• **PROVIDED RECORDS**:
-*-*-
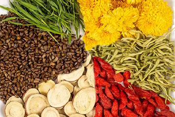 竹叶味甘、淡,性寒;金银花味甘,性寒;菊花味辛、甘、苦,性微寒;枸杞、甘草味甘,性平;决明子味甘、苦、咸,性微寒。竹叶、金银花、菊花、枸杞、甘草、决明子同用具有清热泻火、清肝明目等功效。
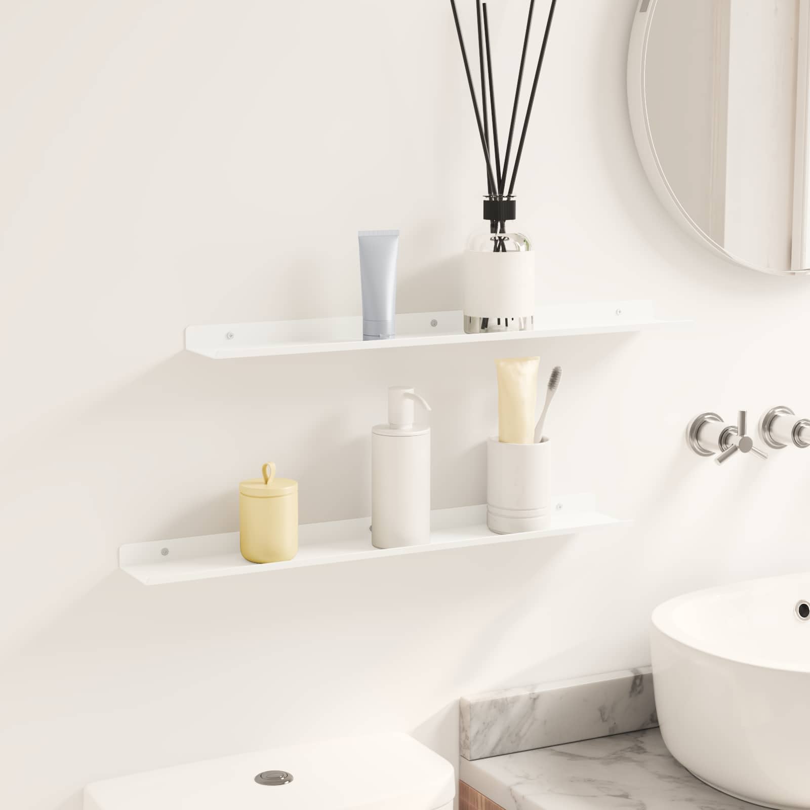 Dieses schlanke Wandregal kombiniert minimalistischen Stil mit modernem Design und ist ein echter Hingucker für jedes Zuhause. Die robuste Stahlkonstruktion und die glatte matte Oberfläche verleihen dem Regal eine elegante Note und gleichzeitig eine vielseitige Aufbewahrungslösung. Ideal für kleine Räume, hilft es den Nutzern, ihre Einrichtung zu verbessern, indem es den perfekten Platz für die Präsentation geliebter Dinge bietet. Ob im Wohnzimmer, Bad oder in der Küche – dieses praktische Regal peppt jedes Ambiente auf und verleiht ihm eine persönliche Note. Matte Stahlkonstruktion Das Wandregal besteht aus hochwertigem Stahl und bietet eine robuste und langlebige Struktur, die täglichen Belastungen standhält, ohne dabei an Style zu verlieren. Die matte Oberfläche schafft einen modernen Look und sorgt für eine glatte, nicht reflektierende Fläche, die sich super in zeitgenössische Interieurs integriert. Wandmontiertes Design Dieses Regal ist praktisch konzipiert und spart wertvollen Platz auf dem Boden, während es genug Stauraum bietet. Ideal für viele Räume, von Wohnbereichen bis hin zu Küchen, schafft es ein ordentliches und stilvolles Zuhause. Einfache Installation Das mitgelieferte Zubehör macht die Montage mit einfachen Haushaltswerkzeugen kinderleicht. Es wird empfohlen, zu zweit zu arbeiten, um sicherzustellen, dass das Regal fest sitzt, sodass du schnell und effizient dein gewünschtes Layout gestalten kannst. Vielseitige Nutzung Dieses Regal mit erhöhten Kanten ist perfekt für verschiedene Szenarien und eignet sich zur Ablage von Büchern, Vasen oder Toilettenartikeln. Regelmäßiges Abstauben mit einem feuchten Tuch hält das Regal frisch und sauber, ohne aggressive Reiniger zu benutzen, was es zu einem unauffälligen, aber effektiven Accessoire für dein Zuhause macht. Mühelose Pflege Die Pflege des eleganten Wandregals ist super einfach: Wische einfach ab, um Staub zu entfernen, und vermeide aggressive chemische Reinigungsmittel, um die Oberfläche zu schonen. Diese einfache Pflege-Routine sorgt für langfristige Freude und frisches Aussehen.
-*-*-
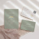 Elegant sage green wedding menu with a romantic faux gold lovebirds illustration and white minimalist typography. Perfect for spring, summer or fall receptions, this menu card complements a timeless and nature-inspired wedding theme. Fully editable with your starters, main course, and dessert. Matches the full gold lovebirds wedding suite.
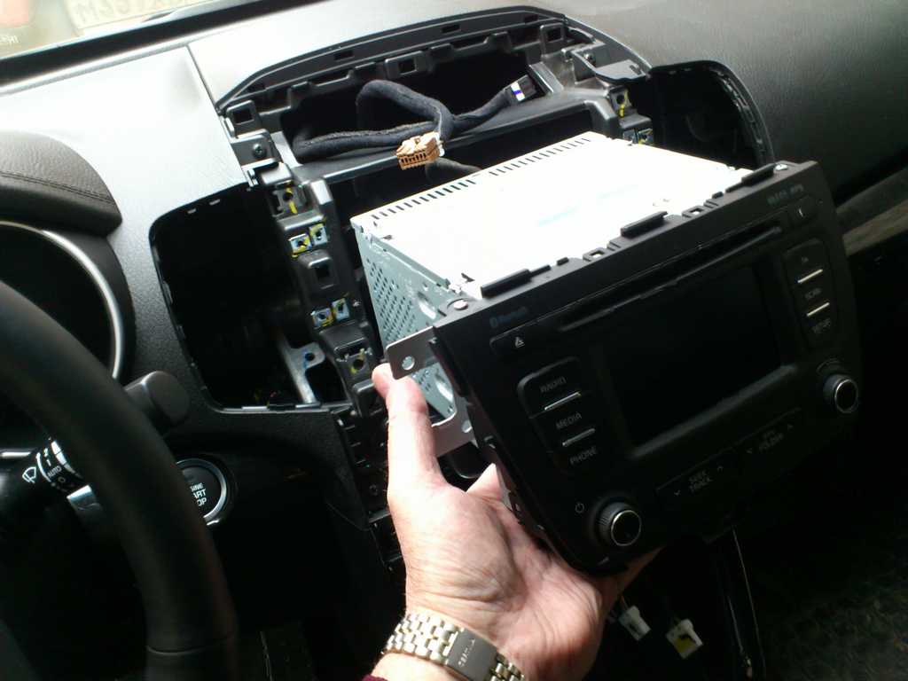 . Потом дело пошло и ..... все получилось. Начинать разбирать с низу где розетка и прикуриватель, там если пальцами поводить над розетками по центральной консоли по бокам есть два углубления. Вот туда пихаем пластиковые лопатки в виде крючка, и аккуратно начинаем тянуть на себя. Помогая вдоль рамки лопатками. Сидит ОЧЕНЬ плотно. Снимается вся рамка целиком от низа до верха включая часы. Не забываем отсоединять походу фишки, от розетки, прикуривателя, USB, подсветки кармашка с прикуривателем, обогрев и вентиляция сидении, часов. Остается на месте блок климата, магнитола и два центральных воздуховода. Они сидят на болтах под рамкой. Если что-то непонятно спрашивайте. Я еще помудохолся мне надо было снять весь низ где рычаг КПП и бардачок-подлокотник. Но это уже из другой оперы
-*-*-
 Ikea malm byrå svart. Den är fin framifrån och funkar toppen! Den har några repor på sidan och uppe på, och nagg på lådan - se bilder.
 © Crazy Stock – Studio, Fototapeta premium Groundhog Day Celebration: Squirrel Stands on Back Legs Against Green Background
-*-*-
• **WORK TO COMPLETE**: Within the listing above, locate the line containing "Ikea malm byrå" and the line containing "Against Green Background". Reproduce those two lines and all lines between them exactly, with nothing added.

• **SOLUTION FOR THIS PROBLEM**:
 Ikea malm byrå svart. Den är fin framifrån och funkar toppen! Den har några repor på sidan och uppe på, och nagg på lådan - se bilder.
 © Crazy Stock – Studio, Fototapeta premium Groundhog Day Celebration: Squirrel Stands on Back Legs Against Green Background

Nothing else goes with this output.